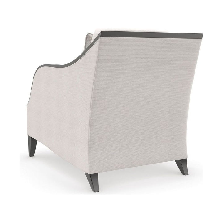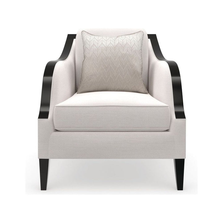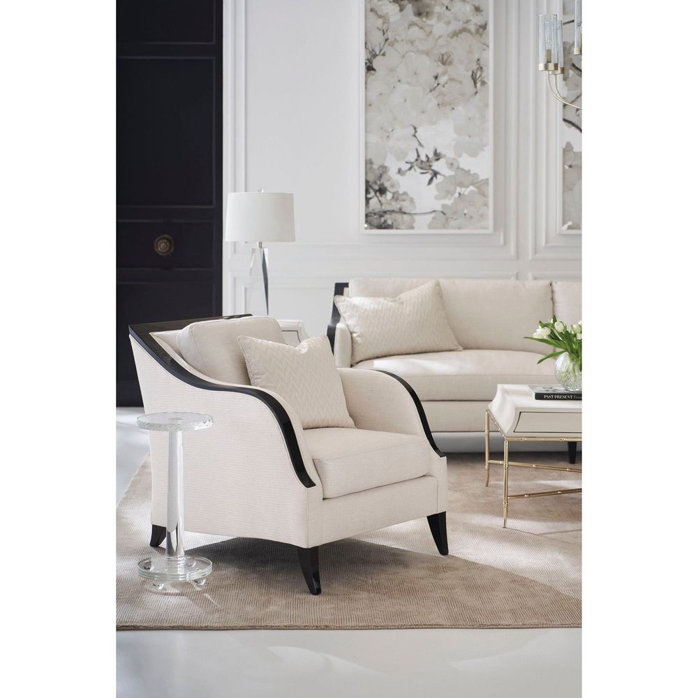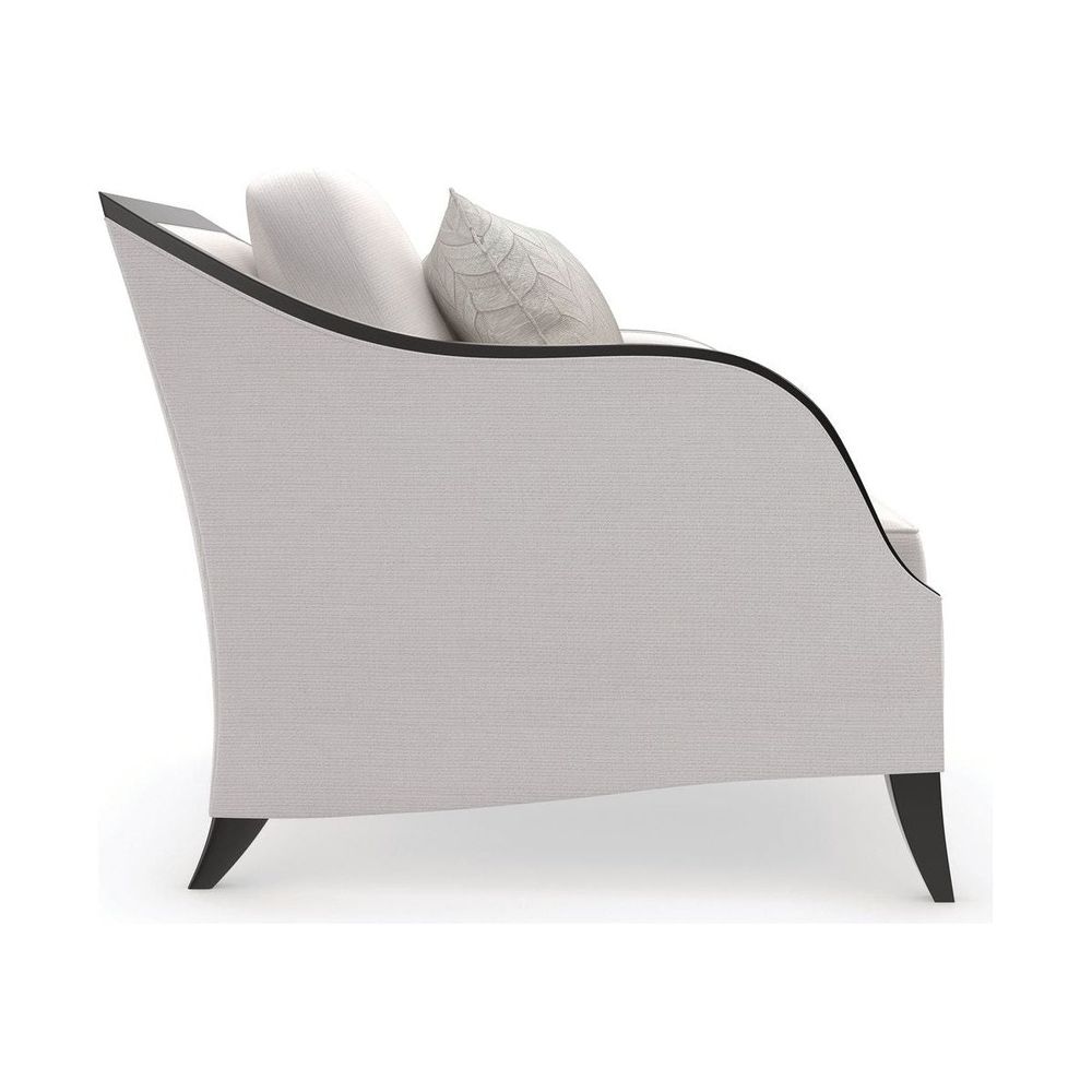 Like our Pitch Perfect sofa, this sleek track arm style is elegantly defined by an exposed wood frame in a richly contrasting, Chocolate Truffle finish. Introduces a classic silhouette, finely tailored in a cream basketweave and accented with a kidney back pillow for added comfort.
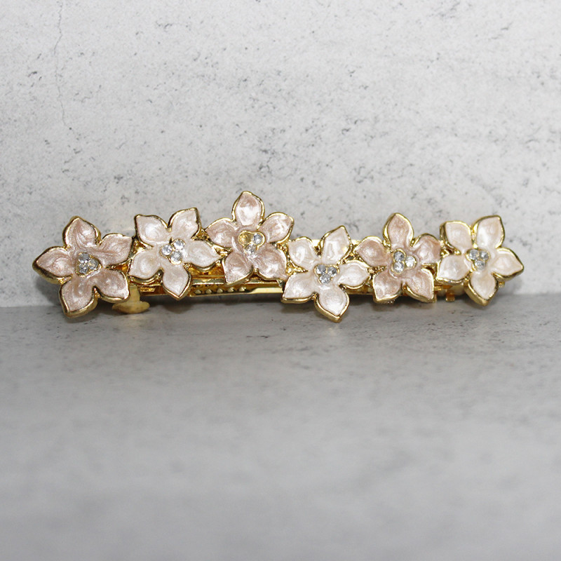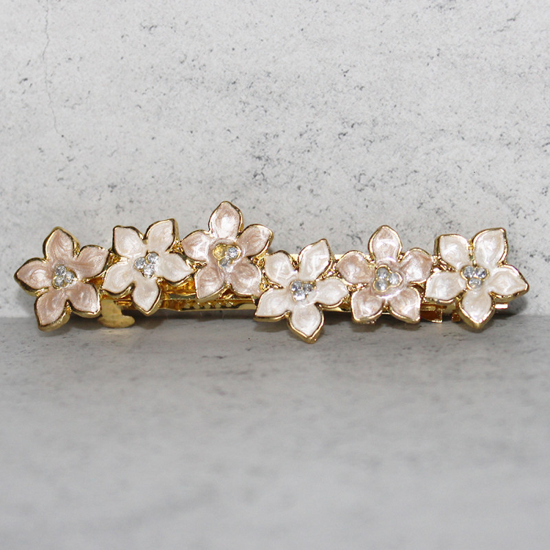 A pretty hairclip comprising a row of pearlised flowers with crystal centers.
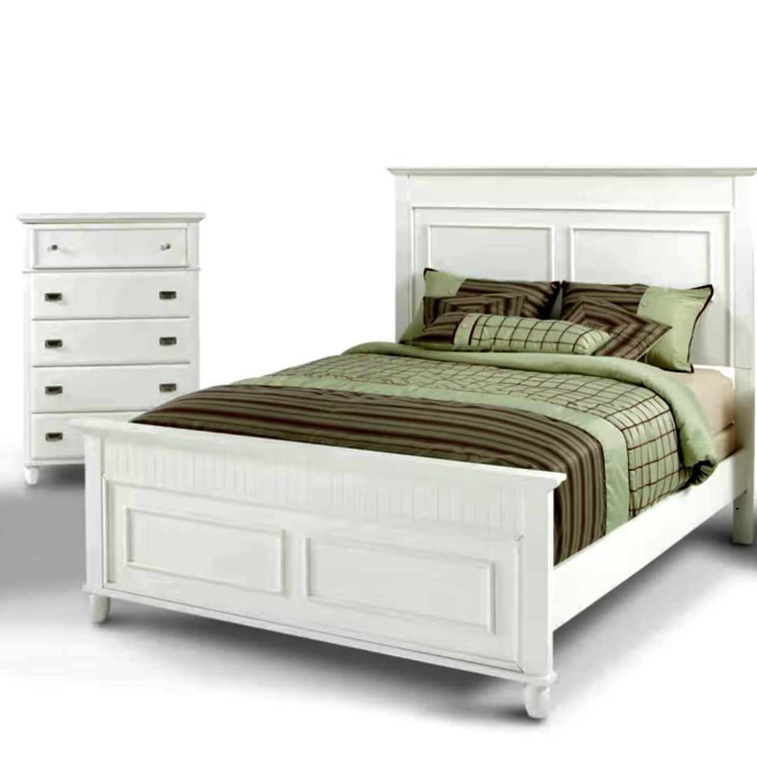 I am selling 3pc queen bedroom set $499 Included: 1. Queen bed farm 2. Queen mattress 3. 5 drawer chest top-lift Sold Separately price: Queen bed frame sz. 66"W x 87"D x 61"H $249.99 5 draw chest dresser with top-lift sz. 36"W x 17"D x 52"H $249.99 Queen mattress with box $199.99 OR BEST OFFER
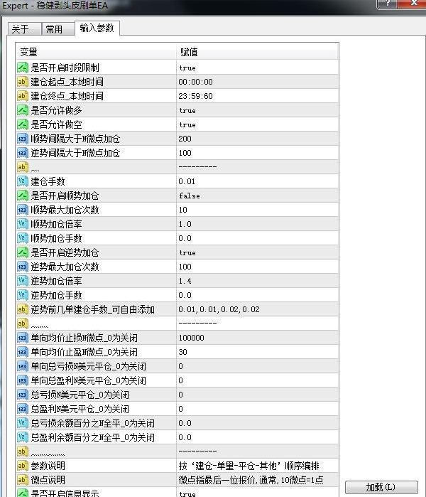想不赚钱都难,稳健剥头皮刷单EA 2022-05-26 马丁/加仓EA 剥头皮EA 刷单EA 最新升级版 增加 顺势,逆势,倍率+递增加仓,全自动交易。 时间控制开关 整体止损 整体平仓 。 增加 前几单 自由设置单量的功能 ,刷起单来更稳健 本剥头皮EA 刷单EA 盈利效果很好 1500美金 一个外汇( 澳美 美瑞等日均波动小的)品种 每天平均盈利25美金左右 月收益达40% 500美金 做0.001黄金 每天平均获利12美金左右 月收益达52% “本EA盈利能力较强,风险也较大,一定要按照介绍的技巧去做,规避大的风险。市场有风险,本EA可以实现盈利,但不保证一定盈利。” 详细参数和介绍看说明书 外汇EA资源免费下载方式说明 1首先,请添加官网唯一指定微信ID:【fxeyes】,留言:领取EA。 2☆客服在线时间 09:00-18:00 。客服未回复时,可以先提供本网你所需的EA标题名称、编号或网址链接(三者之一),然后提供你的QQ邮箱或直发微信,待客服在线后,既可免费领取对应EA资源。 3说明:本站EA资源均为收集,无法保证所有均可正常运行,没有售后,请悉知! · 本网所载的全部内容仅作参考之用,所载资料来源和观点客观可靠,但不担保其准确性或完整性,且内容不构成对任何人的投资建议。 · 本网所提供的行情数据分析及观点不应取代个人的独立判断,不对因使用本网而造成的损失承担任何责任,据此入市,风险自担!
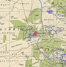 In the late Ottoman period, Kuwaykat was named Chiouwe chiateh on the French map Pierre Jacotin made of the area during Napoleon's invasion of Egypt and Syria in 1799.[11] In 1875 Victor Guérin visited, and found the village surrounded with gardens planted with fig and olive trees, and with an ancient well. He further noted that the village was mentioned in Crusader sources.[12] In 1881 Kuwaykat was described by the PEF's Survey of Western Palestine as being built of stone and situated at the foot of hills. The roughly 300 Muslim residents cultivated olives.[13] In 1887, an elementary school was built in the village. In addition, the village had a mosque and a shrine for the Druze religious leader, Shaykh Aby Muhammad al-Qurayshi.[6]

__Problem statement__: Only one stretch of the listing is wanted: the lines starting at the one with "I am selling" and ending at the one with "想不赚钱都难,稳健剥头皮刷单EA 2022-05-26 马丁/加仓EA", copied exactly and free of pictures.

__Solution below__:
 I am selling 3pc queen bedroom set $499 Included: 1. Queen bed farm 2. Queen mattress 3. 5 drawer chest top-lift Sold Separately price: Queen bed frame sz. 66"W x 87"D x 61"H $249.99 5 draw chest dresser with top-lift sz. 36"W x 17"D x 52"H $249.99 Queen mattress with box $199.99 OR BEST OFFER
想不赚钱都难,稳健剥头皮刷单EA 2022-05-26 马丁/加仓EA 剥头皮EA 刷单EA 最新升级版 增加 顺势,逆势,倍率+递增加仓,全自动交易。 时间控制开关 整体止损 整体平仓 。 增加 前几单 自由设置单量的功能 ,刷起单来更稳健 本剥头皮EA 刷单EA 盈利效果很好 1500美金 一个外汇( 澳美 美瑞等日均波动小的)品种 每天平均盈利25美金左右 月收益达40% 500美金 做0.001黄金 每天平均获利12美金左右 月收益达52% “本EA盈利能力较强,风险也较大,一定要按照介绍的技巧去做,规避大的风险。市场有风险,本EA可以实现盈利,但不保证一定盈利。” 详细参数和介绍看说明书 外汇EA资源免费下载方式说明 1首先,请添加官网唯一指定微信ID:【fxeyes】,留言:领取EA。 2☆客服在线时间 09:00-18:00 。客服未回复时,可以先提供本网你所需的EA标题名称、编号或网址链接(三者之一),然后提供你的QQ邮箱或直发微信,待客服在线后,既可免费领取对应EA资源。 3说明:本站EA资源均为收集,无法保证所有均可正常运行,没有售后,请悉知! · 本网所载的全部内容仅作参考之用,所载资料来源和观点客观可靠,但不担保其准确性或完整性,且内容不构成对任何人的投资建议。 · 本网所提供的行情数据分析及观点不应取代个人的独立判断,不对因使用本网而造成的损失承担任何责任,据此入市,风险自担!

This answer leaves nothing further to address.